In 2013 the government amended the filtering rules for criminal record checks  to allow offenders with single convictions that are non-violent, non-sexual and non-custodial to have the offence filtered out of a DBS check after 11 years (unless the offender was a minor when they committed the offence, in which case this time period was reduced to five years and six months). However no such provision was introduced for persons with multiple offences, meaning that where an individual has more than one conviction (of any kind) these must be disclosed. Please note that the filtering rules are separate to the rules in relation to spent convictions.

In R (on the application of P and others) v. Secretary of State for Justice and others, the Court of Appeal (the Court) held that these filtering laws are incompatible with human rights legislation as they only benefit single conviction offenders and fail to adequately protect other individuals' right to a private life.

This case involved an individual suffering from schizophrenia who had multiple cautions for shoplifting as well as a conviction for a bail offence; as a result of these she was unable to get a teaching assistant role. The Court rejected the government's case that it was clearer to have a 'no multiple offenders filter' rule than to spend more time adjusting the filter depending on the circumstances. The judge stated:

"I recognise that where a pattern of offending behaviour is demonstrated, it is entirely legitimate to conclude that such information should be available to potential employers. The difficulty with the bright line, however, is that it is not a necessary inference that two convictions do represent a pattern of offending behaviour; indeed on many occasions they will not."

The Court went on to say that it should be possible to create a filter that takes into account the nature of any offences as well as the length of time that has passed since any convictions; alternatively a mechanism for review in specific circumstances could be introduced (as is the case with removal from the sex offenders' list).

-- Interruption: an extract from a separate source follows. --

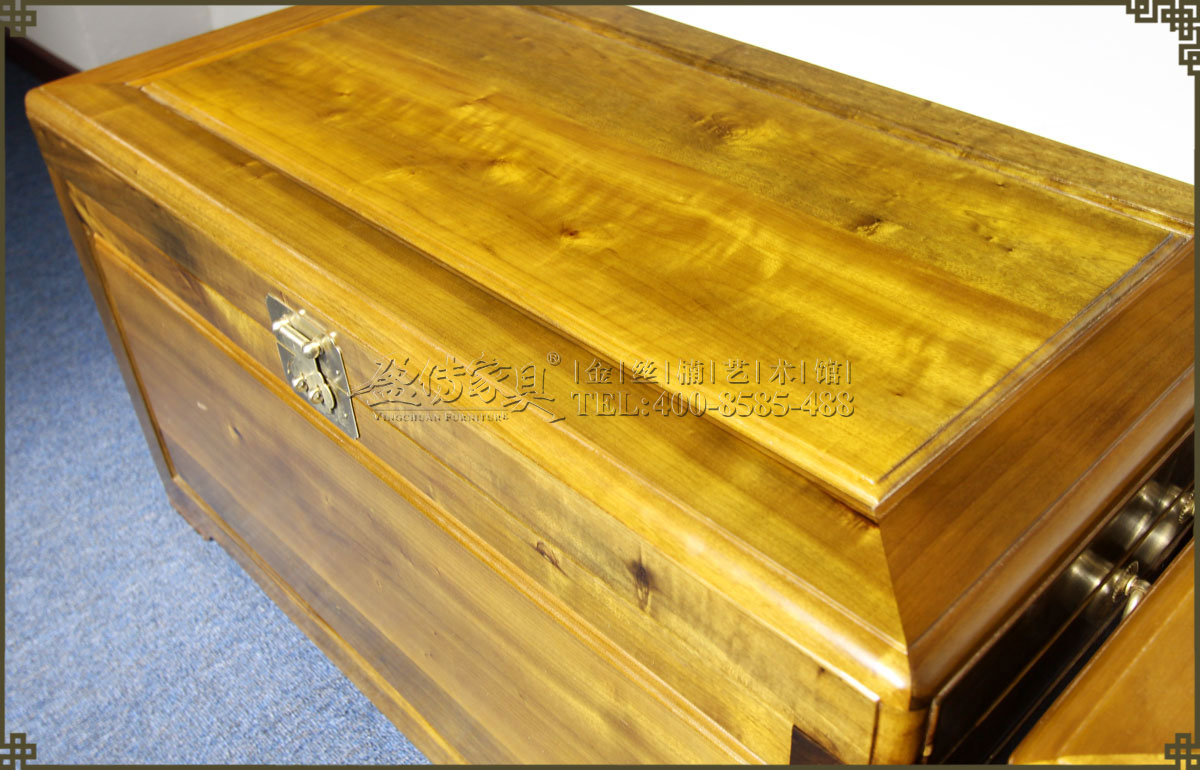 此金絲楠木箱款式大方,簡潔精致,散發(fā)古典氣息。金絲楠有防蟲防蛀、防腐除臭的獨一無二的功能,放置郵票、字畫、書籍,能很好地被珍藏保存;也可用于收納羊毛、羊絨、絲綢、棉麻、羽絨等高檔衣物,使衣物氣味芳香,沁人心脾。容量很大,儲物功能很強,經(jīng)久耐用,非常實用。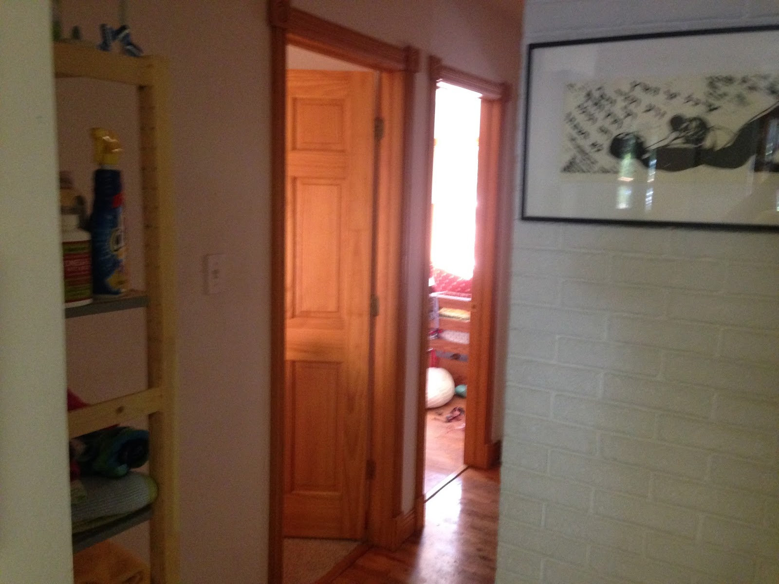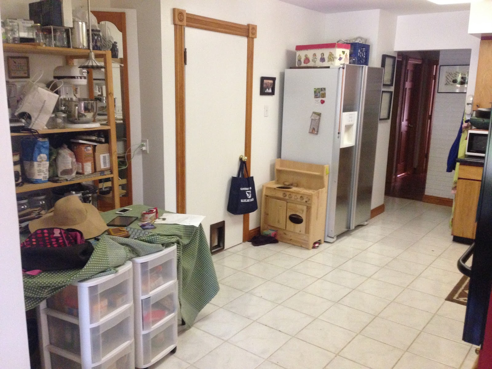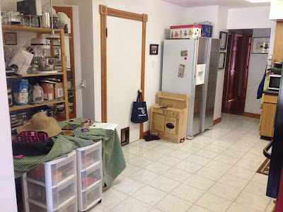 On your left, you'll see our make-shift pantry and the door to the basement.

As a result of this case there are now calls for the government to reform the criminal records system, although this will, in all likelihood, take a back seat in light of the snap election and Brexit. However if such changes are made it is likely that (1) fewer offences would appear on the criminal records register; (2) individuals would receive a greater degree of protection from minor offences that occurred in the past; and (3) there would be less serious implications in terms of employment prospects for minor re-offending.